Помолчал Шило, репей из бороды вытянул и продолжил с расстановкой: «Пусть в Пустошь с нами Грэг Невидим идёт. Только он сможет сквозь стражу пробраться и Соловушку Шу¬бяка украсть незаметно. А мы его прикрывать будем. Слышит ли меня, Невидим? Здесь ли он?.. Грэг, ты здесь?»
Тишина среди деревьев. И у костра примолкли. Ждут, не отзовется ли Невидим. Тут только и понял ворон, почему ёлка под ним мелко дрожит. Ёлка от храпа Грэгова трясётся. Спит здесь ленивое диво лесное, и никто его не видит. Пощёлкал клювом старый ворон, указал место. Лешие пошарили палками и разбудили Грэга.
Невидима видно, только когда он волнуется, и проявляются тогда на свет глаза ясные и плечи широченные. Голый он, словно родился ныне. Голый и сильный, как медведь. Обрадовался, что беде может помочь, но виду не кажет, прозрачен, как всегда, и только слышно, как зевает томно.
«У-у-у, соня! – бурчит ворон и глазом косит. – Я за три дня без передыху всю степь облетел, мне и спасибо не сказали. Он же проспал всё время, а ему сам Алид кружку налил!»

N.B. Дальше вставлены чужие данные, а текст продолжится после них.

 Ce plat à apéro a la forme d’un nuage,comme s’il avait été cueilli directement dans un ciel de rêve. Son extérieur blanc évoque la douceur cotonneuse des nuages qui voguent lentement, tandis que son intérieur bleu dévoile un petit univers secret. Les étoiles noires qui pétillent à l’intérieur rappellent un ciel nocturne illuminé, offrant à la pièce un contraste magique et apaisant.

Суетится Алид вокруг Невидима. Смешной, неказистый, но дело сразу усёк и предложил со всеми в Пустошь идти, а на случай погони травяными запахами плешивцев со следу сбить. Согласились с ним и стали хитрости подробнее обсуждать, но не услышал ворон всего до конца, – прикорнул на ветке, так и проспал самое главное.
А совет целую ночь гудел. Всё обговорили лешие, даже языки устали у них. И разбрелись хозяева лесные по норам и жилищам в путь-дорогу собираться.

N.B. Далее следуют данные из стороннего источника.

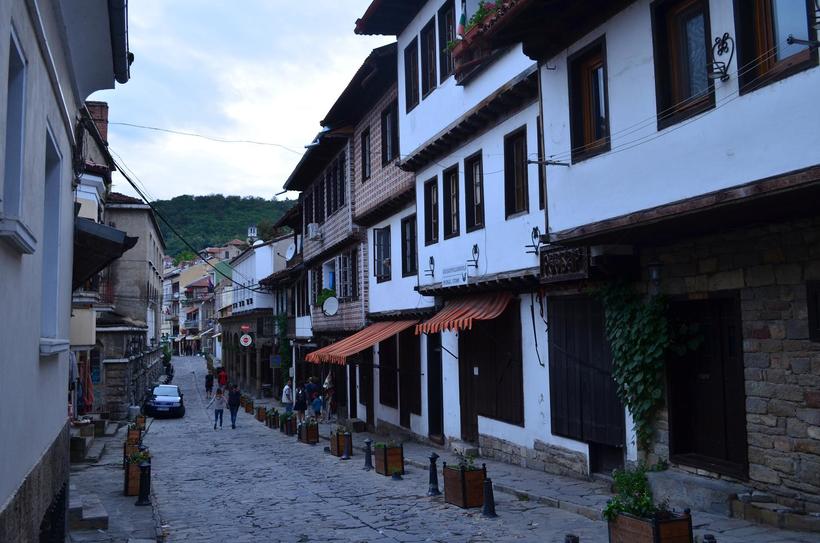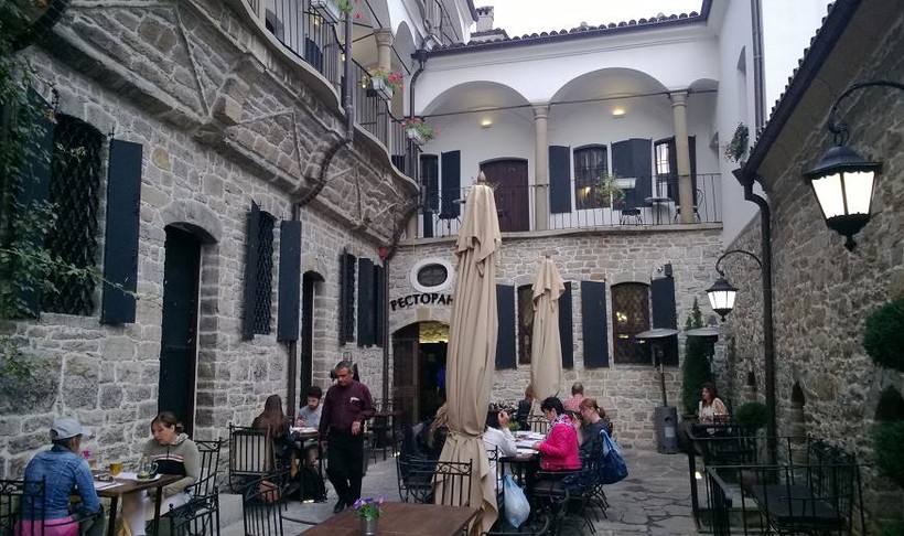 Во время прогулки, мы, залюбовавшись живописными фасадами, не сразу заметили, что за ними иногда скрываются чудесные, милые дворики. Тогда мы стали заходить и в них, получая колоссальное удовольствие. Один дворик нам особенно понравился. Он принадлежит построенной в XIX веке гостинице Хаджи Николи, одному из самых красивых зданий Велико-Тырново. Считается, что архитектора, строившего гостиницу, вдохновляли венецианские дворцы. Глядя на его творение, можно с этим согласиться. Дом недавно прошел реставрацию, в нем был устроен солидный ресторан. Он нам тоже понравился, по окончании экскурсии по городу мы специально вернулись в Самоводску Чаршию, чтобы поужинать в исторической обстановке.

Когда же ворон глаза продрал, лешие уже опять объявились, но уже с рогатинами и котомками через плечо. Окружили ёлку, где он сидел, камушками кидают. Шило басит сурово: «Показывай, старый, где место то в Огромной Пустоши. Мы нынче в путь трогаемся, а Медный Лоб с Невидимом и Алидом завтра утром выходят, у них тут ещё дела кое-какие есть...».
Догадался ворон, что за дела у Медного Лба остались и, вспорхнув, над лесом взвился, да лениво в сторону Пустоши полетел. За ним и лешие поскакали, никого не дожидаясь.

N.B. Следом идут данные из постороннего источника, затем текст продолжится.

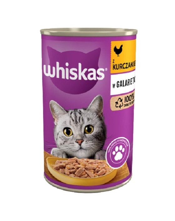 Whiskas - chunks with chicken est une nourriture humide complète dont les chats raffolent. Les savoureux repas en gelée ont été soigneusement formulés pour donner à votre ami félin tout ce dont il a besoin pour ronronner. La recette complète et équilibrée contient du zinc pour soutenir la santé de la peau et du pelage, et le bon équilibre des minéraux aide à prendre soin de la santé des voies urinaires de votre chat. La nourriture Whiskas permet à votre chat d'être heureux, en bonne santé et désireux de venir dans son bol à chaque fois à l'heure du repas.

Знали жители лесные, что Медному Лбу с любимой надо попрощаться. А как же без этого? Ведь опасный поход, не все могут вернуться.

Глава вторая
Любовь и Огненный конь

Давно уже шепчутся по дуплам и кустам в Среднем Лесу о скорой свадьбе Медного Лба с ведьмашкой Принадой. Ждут лешие, подарки приготовив. Молчит Баба-Яга, тётка ведьмашки, в сундуке что-то скрывая. И весь лес вокруг примолкает, когда Медный Лоб с любимой встречается.
«Нет милее невесты, чем Принада», – чирикают птицы, а Медный Лоб их понимает и радуется про себя.
«Счастлива только с ним будешь!» – попискивают мыши, когда Принада гадает вечерами. И во всех своих колдовствах девичьих по знакам волшебным только его узнаёт. Но разлука им выпала в этот раз – в поход идти Медному Лбу надо, Соловушку Шубяка из плена выручать.

*   *   *
Печалится Принада, глаза зелёные слезами заливаются. Сидит она и кудряшки с тоской на пальчик закручивает. Падают капли солёные в мох лесной, где она греет ножки босые. Медный Лоб рядом сидит и руку её сжимает. Как ни сильна тоска перед расставанием, но слово перед лесными друзьями ему сдержать надо. И только одно может хоть малость скрасить горе, только одно...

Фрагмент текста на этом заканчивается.